Unlike any other fruit, quinces are particularly satisfying for the cook. Knowing you can turn something hard and astringent into something sweetly fragrant and rosy-cheeked all on your ownsome is pretty good stuff.
Quinces are one of the great pleasures of the cooler months. Great with roast pork and roast duck, plopped on top of French toast, or turned into a tarte tatin. Serve with a winter salad of watercress and gorgonzola, or with pumpkin in a tagine with couscous.
Or just make a quince upside-down cake or souffle, a steamed quince pudding, or pile them onto a rough hand-made galette of almond pastry. Equally good in the mornings with bircher muesli or porridge.
The equally incomparable Nigella has a technique for roasting quinces that looks fabulous, but I haven’t tried it yet. Check it out here.

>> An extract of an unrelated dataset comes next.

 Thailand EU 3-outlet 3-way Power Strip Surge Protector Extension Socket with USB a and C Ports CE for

And I’m here to remind you that chef Ross Lusted is in love with quinces so much that he named his Melbourne restaurant Marmelo (Portuguese for quince). If you go, check out the divine illustrations on the menu featuring our favourite winter fruit. If you can’t go, experience it vicariously with this review in the AFR. (Not sure if there is a paywall - if so, sorry).
QUINCE TIPS:
Cook them long and slow, and don’t rush them. Cook them too quickly and they will soften too much, and never develop that rich, ruby colour you need.

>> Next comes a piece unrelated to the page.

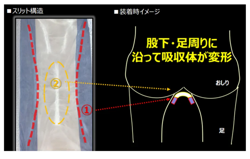 ・独自のスリット構造により、吸収体が体に沿って変形し、股下から足周りまでフィットします。

All you need is water, sugar, spices and time. Leave it until the weekend, put them in a slow oven in the morning, take them out six or seven hours later, and eat your way through them all week. TIME LAPSE:



In the process, the colour of the flesh changes from pale yellow to a deep burgundy, and the flavour mellows to a sort of gently sour plumminess that is quite unlike anything else. As a cook, that’s a very satisfying outcome.
NEED TO KNOW
# Quinces smell so good. Buy them a few days before you cook them so you can inhale every time you walk into the kitchen.

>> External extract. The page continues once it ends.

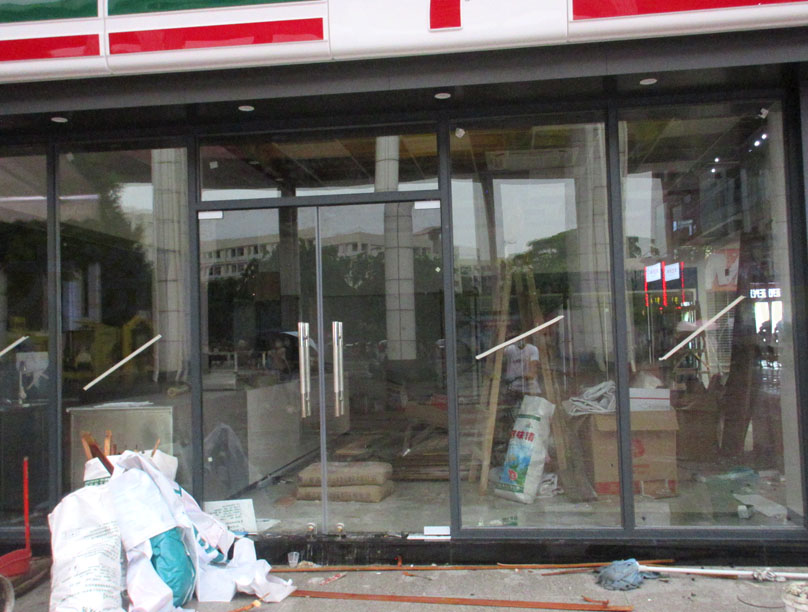 广大商中A区中横座东北角新装711便利店外观门面好像已经弄好并拆围挡了,内部还有些粉刷和地板等的似还待完成,看样子要不了多久就可以铺货营业了

# Cook with core and seeds intact for the pectin – a natural setting agent - and add the peeled skins back in. It all helps to create a beautiful syrup.
# Quinces don’t like to be bothered. Once they’re in the oven, leave them alone. Do not stir, turn or otherwise interfere, or they may go a bit mushy.
# The syrup you end up with is GOLD. Drizzle over tarts, ice-creams and cakes. Add a spoonful to a negroni, dry martini, gin and tonic, or just sparkling water.
SPICED QUINCES
4 medium yellow quinces
400g sugar, brown or otherwise
2 cinnamon sticks
2 vanilla beans, split lengthwise
2 star anise
1 tsp peppercorns
4 cloves
Heat the oven to 120C.
Rub the skins of the quince to remove any down and trim off the ends.
Cut the fruit in quarters and peel, reserving the peel and leaving the core intact.
Combine sugar, cinnamon sticks, vanilla beans, star anise, peppercorns, cloves and 1.2 litres water and bring to the boil.
Add the quinces and reserved peel, cover tightly and bake for 6 hours, without moving or turning the fruit.
Check for doneness - a skewer should move easily through the flesh, yet they should retain their shape. For more colour, push it for another half hour or hour.
Remove and allow to cool, then gently remove the quince.
Cut out and discard the core and seeds.
Strain the juices into a pan (fish out the cinnamon and star anise and reserve) and simmer on high for a good ten minutes (keep an eye on it) to reduce and intensify.
Cool and return the quinces, cinnamon and star anise to the reduced syrup.
Serve the quinces and syrup, cool or reheated, in any way imaginable. Serves 4.
Thanks for dropping by! And thanks for your comments and suggestions, as always. Special thanks to Terry for finding the last remaining cinnamon sticks in the spice drawer.
At the mo, I am floating around the Aegean/Mediterranean (did you know the waters of one meet the waters of the other directly south of the island of Rhodes? I did not. Yet that is where I am right now, writing this). So this is an updated repurposing of a distant post that is still highly seasonal, because that’s what seasons do - they come around again and again with the same stuff. Like me. I bet none of you remember seeing it before anyway, so I don’t know why I am being so honest.
I would like to acknowledge the traditional owners of the lands and waters upon which I work, live, cook and play; the Gadigal people of the Eora Nation. Thank you for sharing your culture, traditions, knowledge, spirit, art, music, humour and food traditions, allowing us all to experience a sense of belonging in this ancient land.
I feel like Mum is saying hello. Thank you for this beauty Jill.
Quinces have long been my muse( paint or draw, as well). Only extra tip is that you can even just wipe the skin and leave peeling till later too. You’ve inspired me to make another lot- second this season.